President Obama Signs 21st Century Cures Legislation into Law
On Dec. 13, President Obama signed into law the 21st Century Cures Act; the signing follows votes overwhelmingly in favor of the bipartisan, bicameral legislation in the House (392 – 26) and the Senate (95 – 4). The ACC was closely engaged with committees in both House and Senate as they worked to create this legislation.
21st Century Cures includes a number of ACC’s advocacy priorities. The following provisions are of special interest to the profession of cardiology:
- Provides $4.8 billion (subject to appropriations) over ten years in funding to the National Institutes of Health (NIH) for the Precision Medicine Initiative, the Brain Research Through Advancing Innovative Neurotechnologies Initiative, cancer research and regenerative medicine using adult stem cells. Increased funding for NIH has been a legislative conference talking point and a key item on ACC’s advocacy agenda for the 114th Congress.
- Provides $500 million over ten years to the U. S. Food and Drug Administration (FDA) to move drugs and medical devices to patients more quickly, while maintaining the same standard for safety and effectiveness.
- Facilitates faster marketing of drugs and medical devices at lower cost by making needed reforms to the FDA, including:
- Creates a “Next Generation of Researchers Initiative” in the Office of the Director at the NIH to coordinate, develop, modify and prioritize policies and programs to improve opportunities for new researchers. Increases the maximum yearly loan repayment amount from $35,000 to $50,000.
- Establishes a “Research Policy Board” charged with making recommendations on how to modify and harmonize regulations related to federal research requirements and policies to minimize administrative burdens.
- Strikes the requirement that a sponsor of a medical device trial always use a local institutional review board allowing the use of centralized methods.
- Establishes a program to evaluate the potential use of “real world evidence” (including data from clinical data registries) to help support the approval of new drugs (not devices) and satisfy post-approval study requirements.
- Establishes expedited review for breakthrough devices; increases patient involvement in drug approval process.
- Encourages the National Institute of Minority Health and Health Disparities at NIH to include ways to increase representation of underrepresented populations in clinical trials in its strategic plan.
Health IT Reforms
- Establishes much needed definitions of “interoperability” and “information blocking”.
- Provides authority for the Health and Human Services (HHS) Office of the Inspector General to investigate claims of information blocking and assign penalties for practices found to be interfering with the lawful sharing of electronic health records (EHRs).
- Requires HHS to defer to health information technology standards developed in the private sector.
- Encourages the exchange of health information between registries and EHR systems by establishing a definition of “clinician-led clinical data registry”.
- Requires the Government Accountability Office to conduct a study on methods for securely matching patient records to the correct patient.
Medicare Part A Reforms
- Requires an adjustment for socioeconomic status under the Hospital Readmission Program, including the clarification that the proxy should only apply to a hospital’s Medicare population.
Medicare Part B Reforms (Site-Neutrality)
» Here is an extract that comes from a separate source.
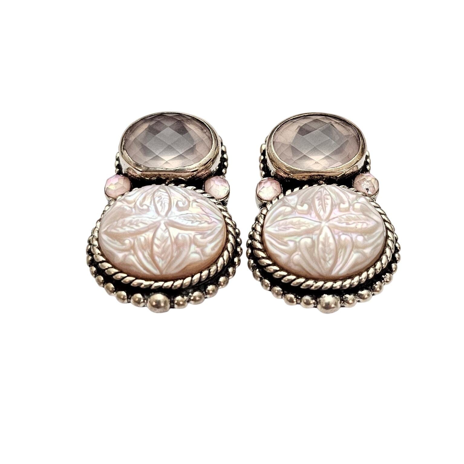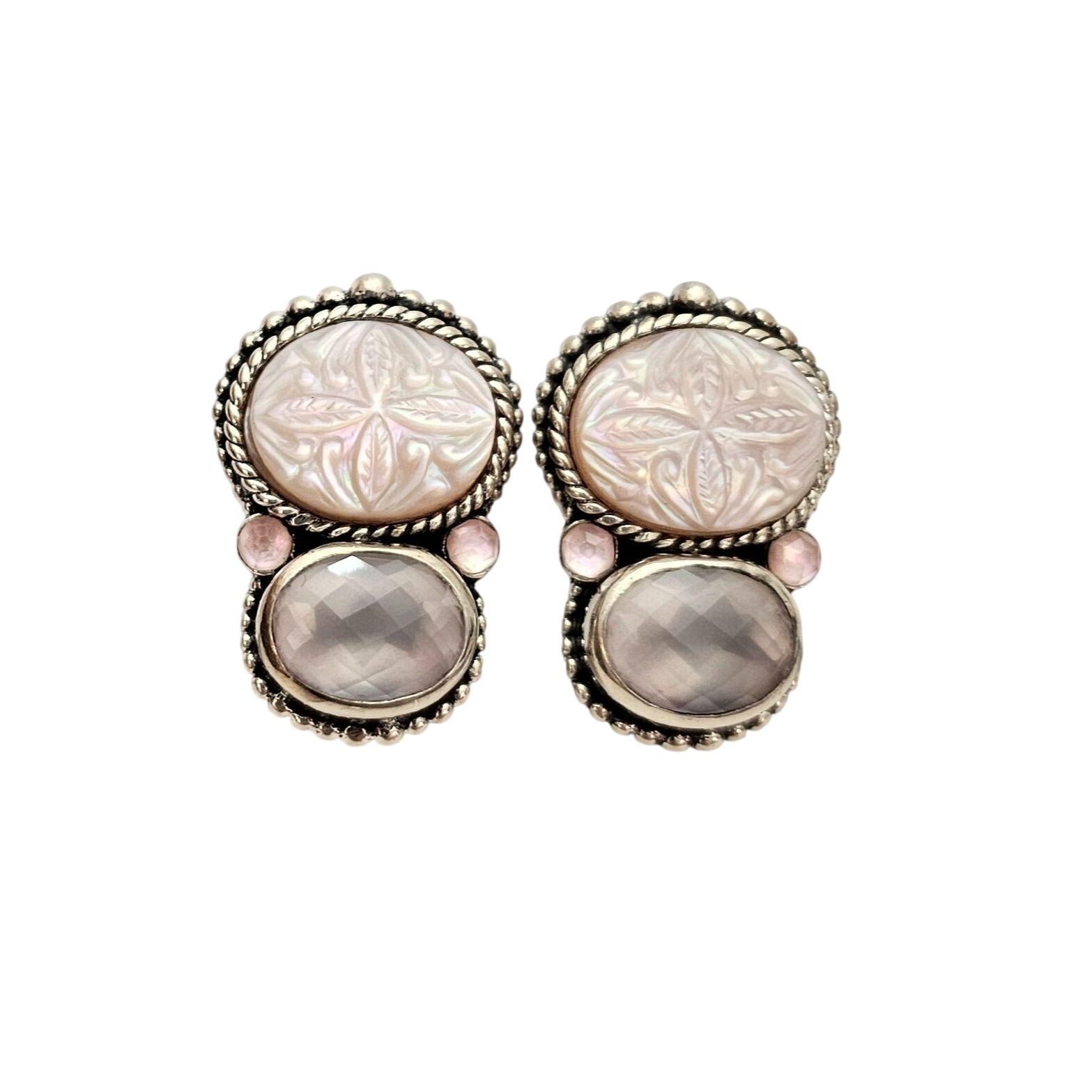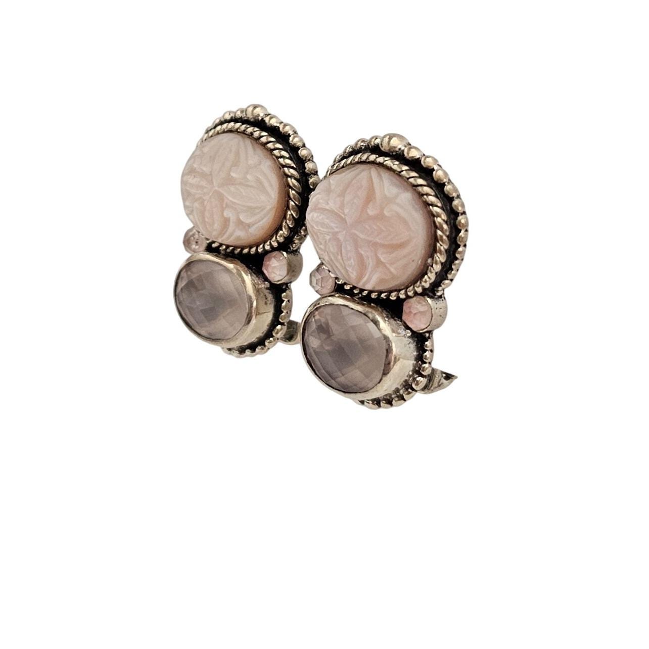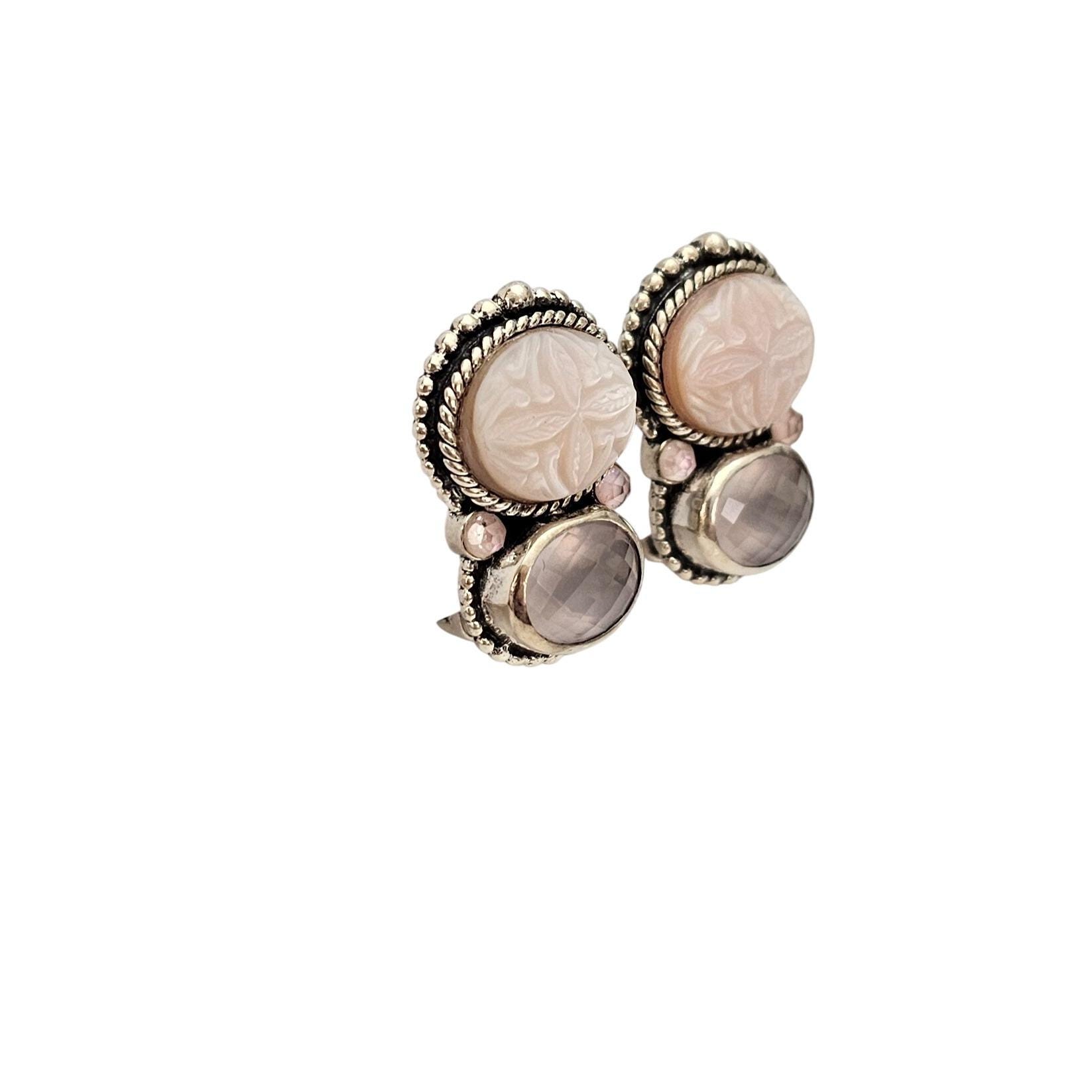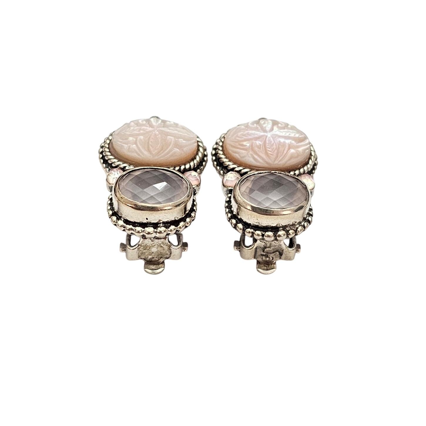 Stephen Dweck Bezel-Set Sterling Pink Shell Carved & Rose Quartz Faceted Clip On Earrings Signed, C813

- Provides an exception to section 603 of the Bipartisan Budget Act of 2015 (BBA ’15) for those hospital outpatient departments that were defined as “mid-build” prior to Nov. 2, 2015.
- Provides that Prospective Payment System (PPS)-exempt cancer hospitals are not included in the payment changes under section 603 of the BBA ’15, ensuring that these facilities’ payments continue under their existing separate system, as opposed to the inpatient and outpatient PPS system.
- Increases transparency around the Local Coverage Determination process and brings greater accountability to those contracting with Centers for Medicare and Medicaid Services to manage the Medicare program.
The budgetary offsets used to pay for this bill include $3.5 billion from the Affordable Care Act’s Prevention and Public Health Fund and a drawdown of the Strategic Petroleum Reserve.